Extracting Slide Images from a Pdf

Being a programmer, I'm often tempted to crack open a compiler when faced with a task that involves anything to do with computers.

In this case, I needed to create a some screenshots of the slides from a presentation. Unfortunately the presentation document was only available as a pdf. This left me with the choice of crafting a solution myself or in finding an already existing tool or coercing a set of tools to do the work.

Now I had a vague recollection that Inkscape could import a pdf file. On investigating the command line reference, it seems that Inkscape can import a pdf and export an image from it.

Inkscape.exe slidedeck.pdf --export-png=slidedeck.webp

Great. Except that it only works with the first page in the document.

So what I needed is a tool to take a multi-page pdf and split it into single pages. Which is exactly what Coherent Pdf Tools are able to do. Like this

cpdf.exe -split slidedeck.pdf -o slidedeck%%%%.pdf

Which generates a sequence of single page pdfs, numbered 01.pdf upwards.

Once I had the syntax of the two command line building blocks I used a bit of MsBuild batching magic to handle the conversion of each individual page into an image.


<Project DefaultTargets="Build" xmlns="http://schemas.microsoft.com/developer/msbuild/2003" ToolsVersion="4.0">

  <PropertyGroup>
    <PathToCpdf>"C:\bin\cpdf.exe"</PathToCpdf>
    <PathToInkscape>"C:\Program Files (x86)\Inkscape\inkscape.exe"</PathToInkscape>
    <PathToPdfToSvg>"C:\bin\pdf2svg.exe"</PathToPdfToSvg>
    <ExportViaSvg>true</ExportViaSvg>
  </PropertyGroup>

  <Target Name="GenerateSinglePagePdfs">

    <ItemGroup>
      <Slides Include="$(MSBuildThisFileDirectory)*.pdf" />
    </ItemGroup>

    <Exec Command='$(PathToCpdf) -split %(Slides.Identity) -o %(Slides.Filename)%%%%.pdf' />

  </Target>

  <Target Name="GenerateImagesFromPdfs">

    <ItemGroup>
      <SingleSlides Include="$(MSBuildThisFileDirectory)*.pdf" />
    </ItemGroup>

    <Exec Condition="$(ExportViaSvg)" Command='$(PathToPdfToSvg) %(SingleSlides.Identity) "%(SingleSlides.Filename).svg" 1' ContinueOnError="true" />
    <Exec Condition="$(ExportViaSvg)" Command='$(PathToInkscape) -f "%(SingleSlides.Filename).svg" -e "%(SingleSlides.Filename).png" ' ContinueOnError="true" />
    <Exec Condition="!$(ExportViaSvg)" Command='$(PathToInkscape) %(SingleSlides.Identity) --export-png="%(SingleSlides.Filename).png"' ContinueOnError="true" />

  </Target>

  <Target Name="Build" DependsOnTargets="GenerateSinglePagePdfs;GenerateImagesFromPdfs" />


</Project>

Update

Now I've been playing with this technique for a number of different slide decks, I discovered that any pdf with embedded fonts didn't export correctly.

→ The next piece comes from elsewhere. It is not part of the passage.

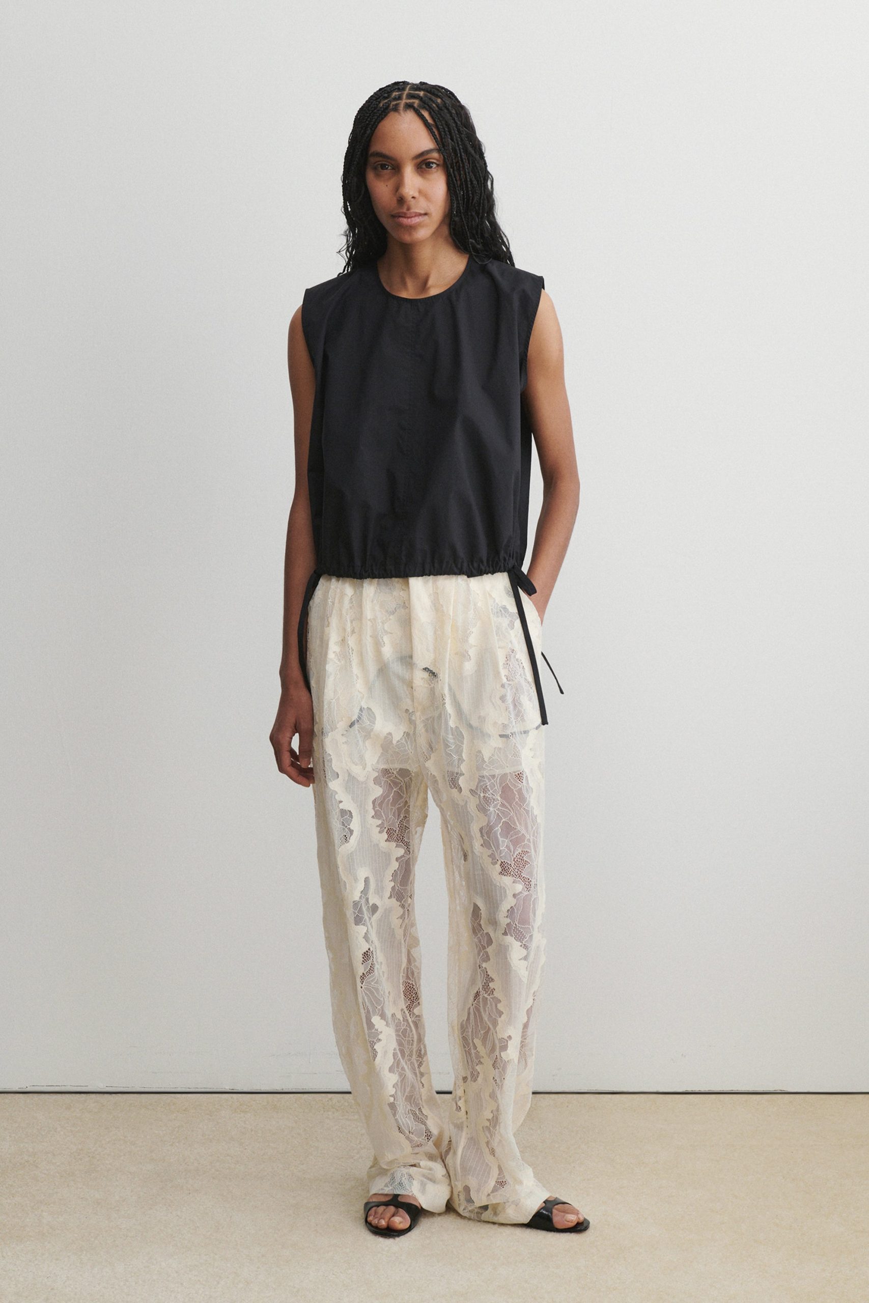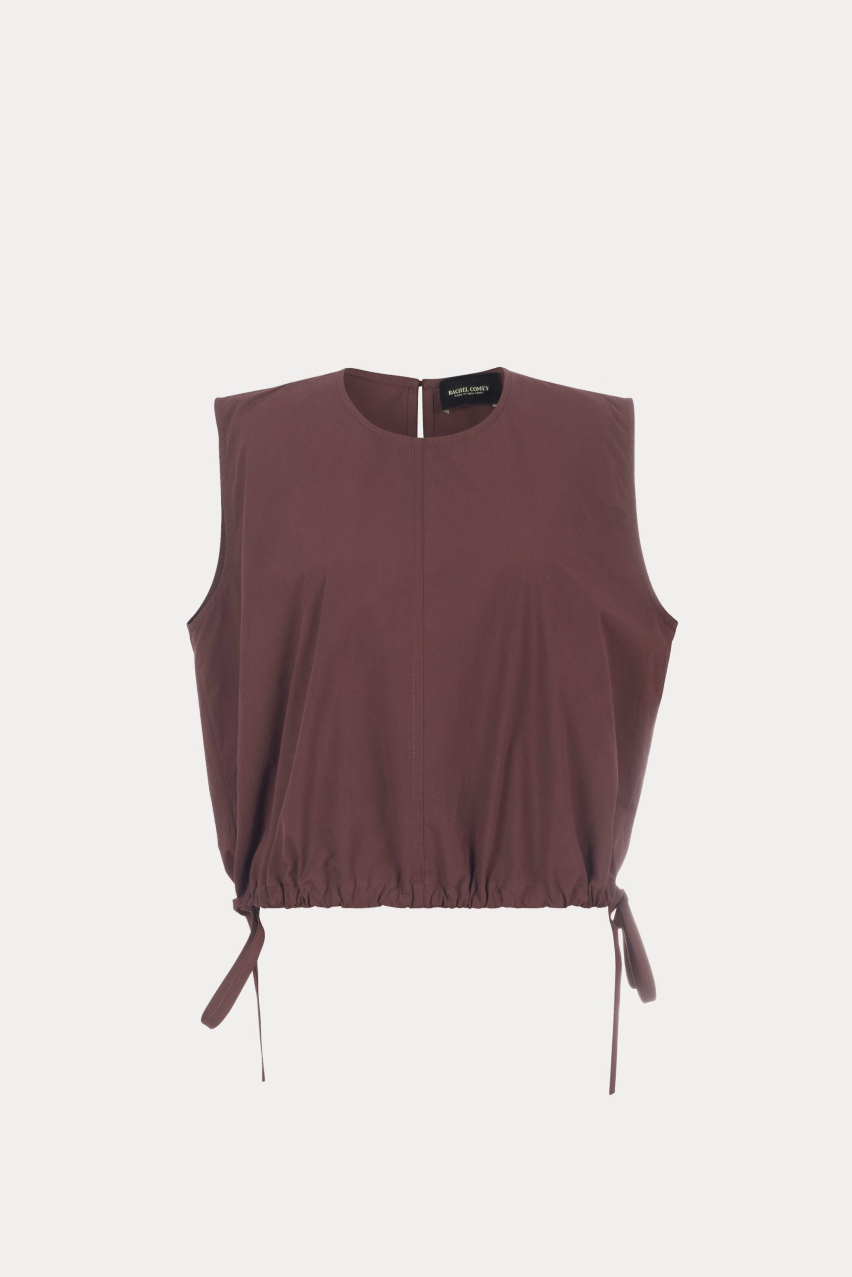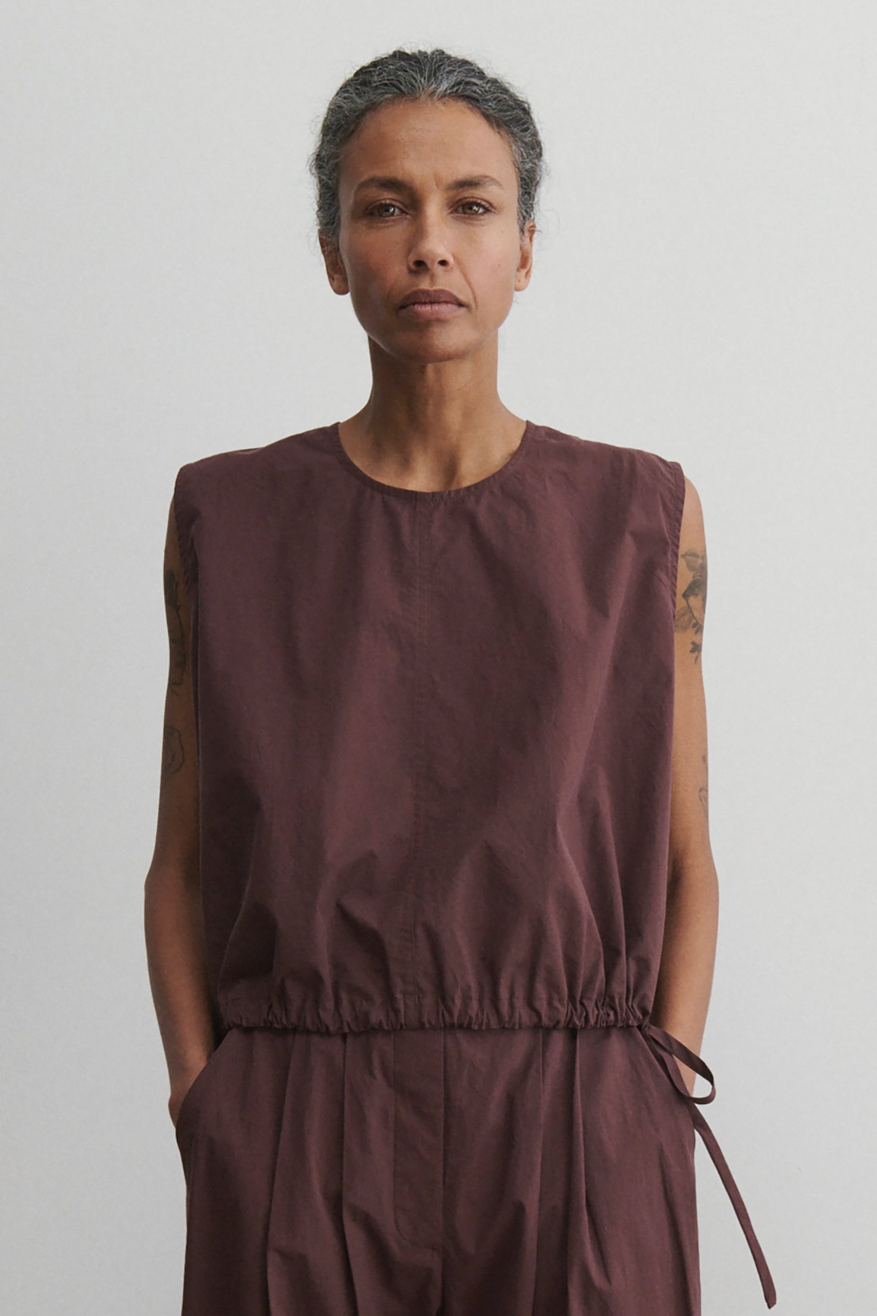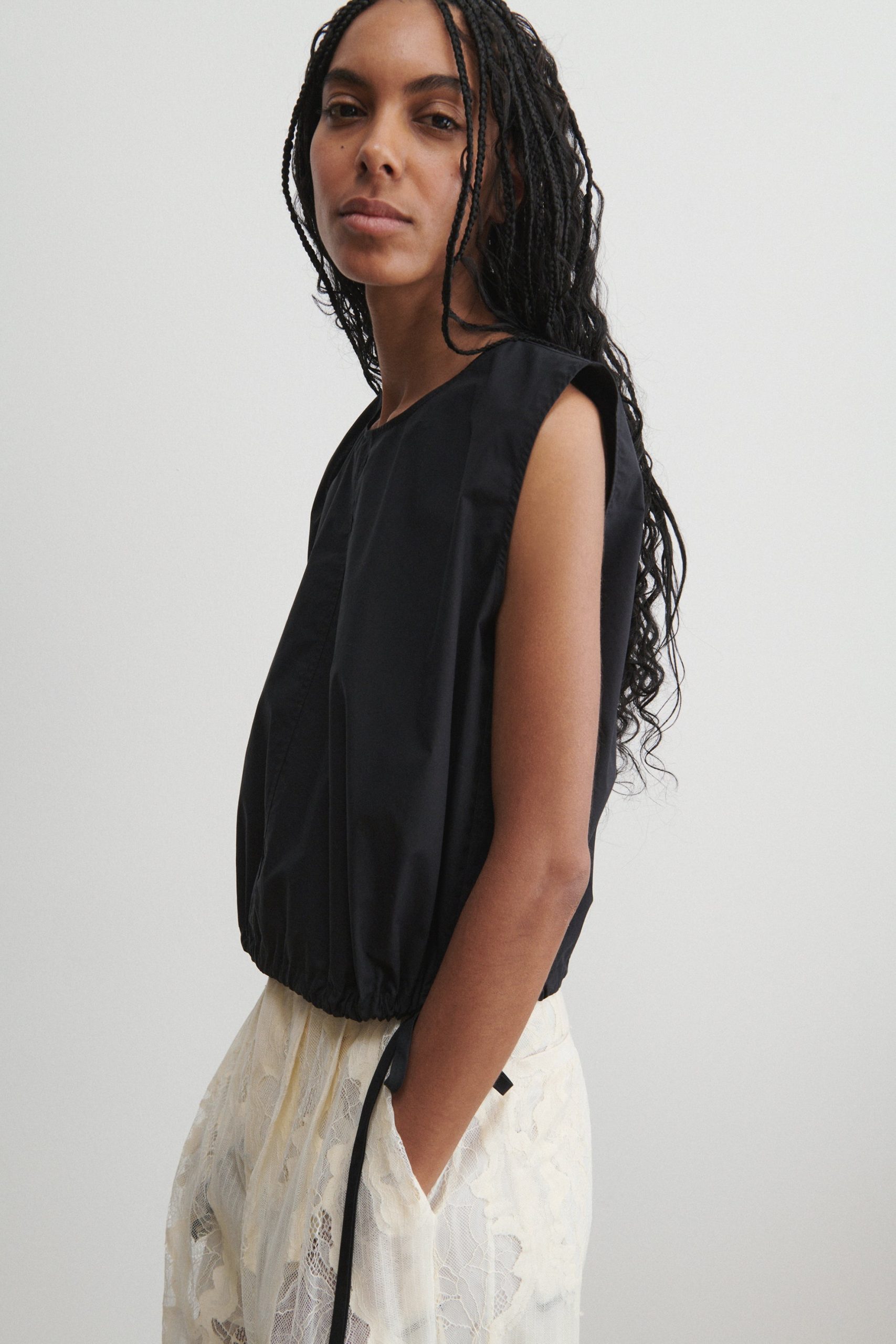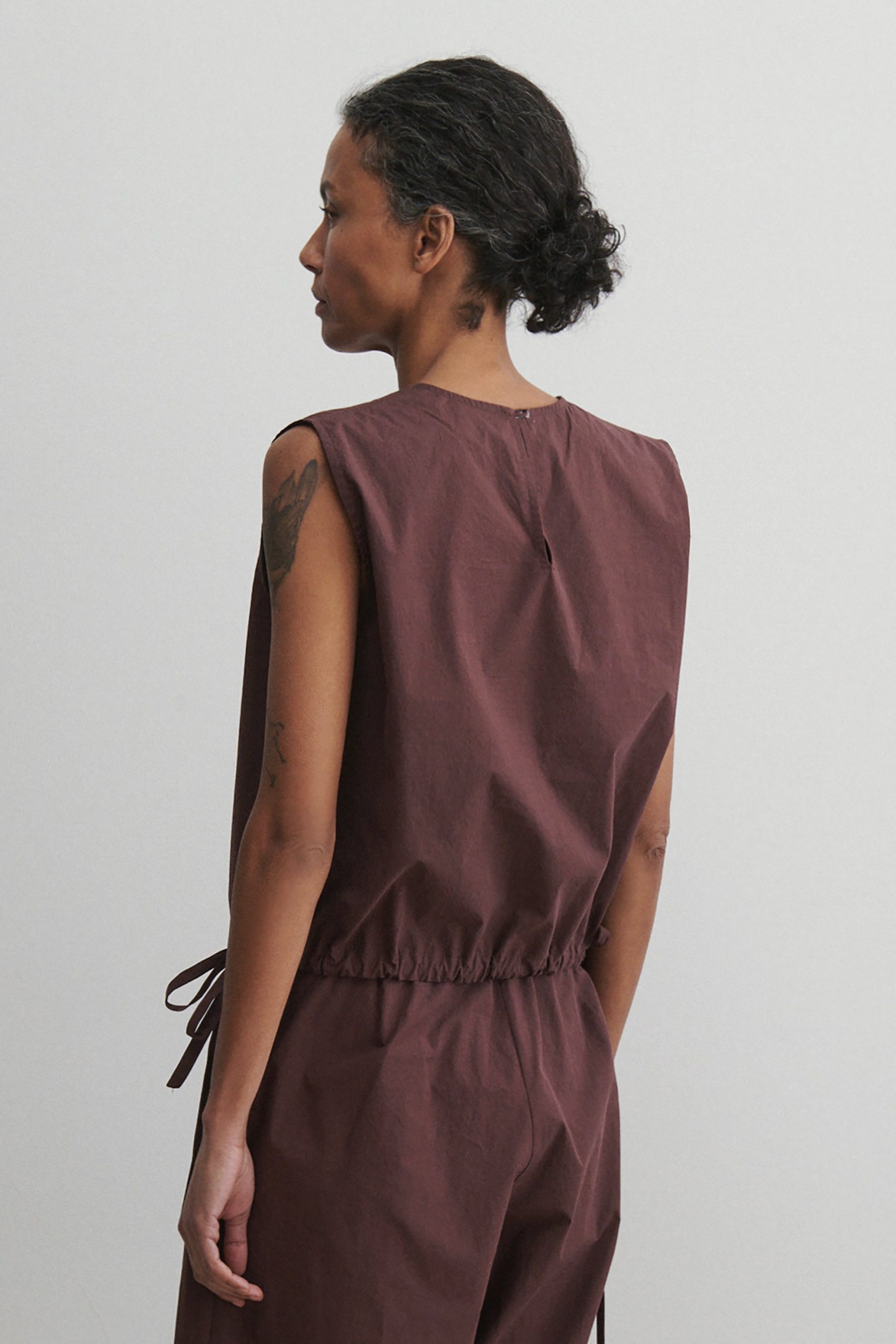 Sleeveless round neck top cut from crisp cotton. Finished with a drawsting at the hem.

The font was replaced by Inkscape with a weird "not understood" icon.

Clearly another approach was needed. After some googling, I discovered another tool, pdf2svg which could export pdfs to svg and could handle embedded fonts.

pdf2svg.exe slide01.pdf slide01.webp 1

Fortunately, but unsurprisingly, Inkscape is so awesome it can handle conversion from svg to png.

Inkscape.exe -f slide01.svg -e slide01.webp

So the script has had to change a little to include the extra tool in the chain. It now goes....

Multi-page-pdf -> batch-single-page-pdfs -> batch-single-svgs -> batch-single-pngs

I have refreshed the gist above to reflect this new information.